The Black Flower - COVER

Nick’s a binge-drinking redneck; Ashlea’s a wild party girl. It’s a perfect match – until it isn’t. When tragedy strikes, Ashlea grows up fast. But Nick can’t escape the booze – or the ghosts of his childhood.

With Nick out of control, Ashlea delivers an ultimatum – with deadly consequences.

THE BLACK FLOWER is a raw portrait of teenage chaos. It was originally published in Page Seventeen.

holden sheppard - sideways profile oct 2017

Holden Sheppard is an award-winning Young Adult author from Geraldton, Western Australia. Holden’s work focuses on coming-of-age themes and issues such as anger, isolation, masculinity and sexuality.

Holden’s debut YA novel, Invisible Boys, won the ASA’s 2017 Ray Koppe Residency Award, which involves a 2018 residency at Varuna, the National Writers’ House. Holden’s short stories have been published in Indigo Journal and page seventeen, and he has also written for the Huffington Post, the ABC, DNA Magazine and FasterLouder.

After graduating from Edith Cowan University’s Creative Writing program, Holden received a prestigious ArtStart grant from the Australia Council for the Arts. During 2016, he undertook an ASA mentorship to develop his first novel.

Holden is represented by Haylee Nash of The Nash Agency.

1. Tell us a little about you and what you’re working on.

Well, I’m a YA author which kind of makes sense, since I started writing back when I was a kid myself. I think there was some point in my childhood – growing up in a small town in the Midwest of Australia – where I realised boys weren’t supposed to have feelings – definitely not painful ones. I learned by osmosis that articulating these feelings was verboten, so I began to lose myself in writing instead.

I’m currently doing some revisions on my debut YA novel, Invisible Boys, which is a story about gay teenage life and is a hard-hitting manuscript. It recently won the 2017 Ray Koppe Residency Award from the Australian Society of Authors. I’m doing some revisions now and then again in January, when I will be taking up a writing residency at Varuna House, which is the national writer’s house in Australia.

You As A Reader

2. When did you first fall in love with books?

Really, really young, and I’m talking two or three. My Mum read to me a lot, and I was totally rapt with books from about that age. It started off with those simple Cocky Circle books for little tiny kids, and I think books really got their hooks into me when I started reading chapter books (Enid Blyton, Emily Rodda) around six or seven.

3. What’s your favorite book from your childhood?

Depends on which year of my childhood we’re putting under the microscope, to be honest! As a kid, The Horse and His Boy by C.S. Lewis. It was the only book in his Narnia series that didn’t focus on English children visiting Narnia, but rather on one of the characters born in that world, and it is amazing. I could write an essay on why I love this one.

And as a teen, Tomorrow, When the War Began by John Marsden. I would argue it’s his masterpiece.

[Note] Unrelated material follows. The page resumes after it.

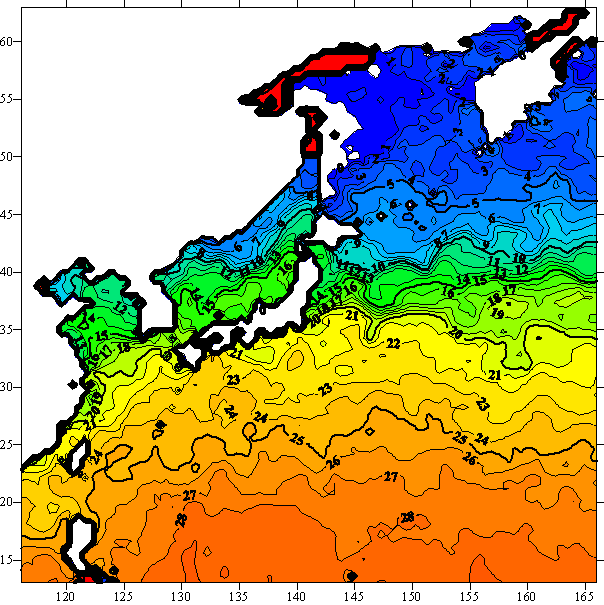 o 2004년 12월 10일 북서태평양 광역해양 수온분포 입니다.

It had an enormous impact on my writing and my thinking.

4. Of the books you’ve read, which one changed you the most?

The Alchemist by Paulo Coelho, without a doubt. I had big dreams of becoming an author from when I was really young, but reading this novel when I was sixteen made me turn those dreams into goals. In fact, this novel is almost a bible to me: it really shaped me as a man.

5. What’s the last book you read and your current favorite?

The last book I read was either No Worries by Bill Condon (excellent Aussie YA with a rare male protagonist I felt I could really relate to) or World War Z by Max Brooks (very deft storytelling and an interesting approach to the zombie subgenre).

As much as I love Rowling’s Harry Potter series, I think The Alchemist will always pip those books at the post in terms of being my favourite book.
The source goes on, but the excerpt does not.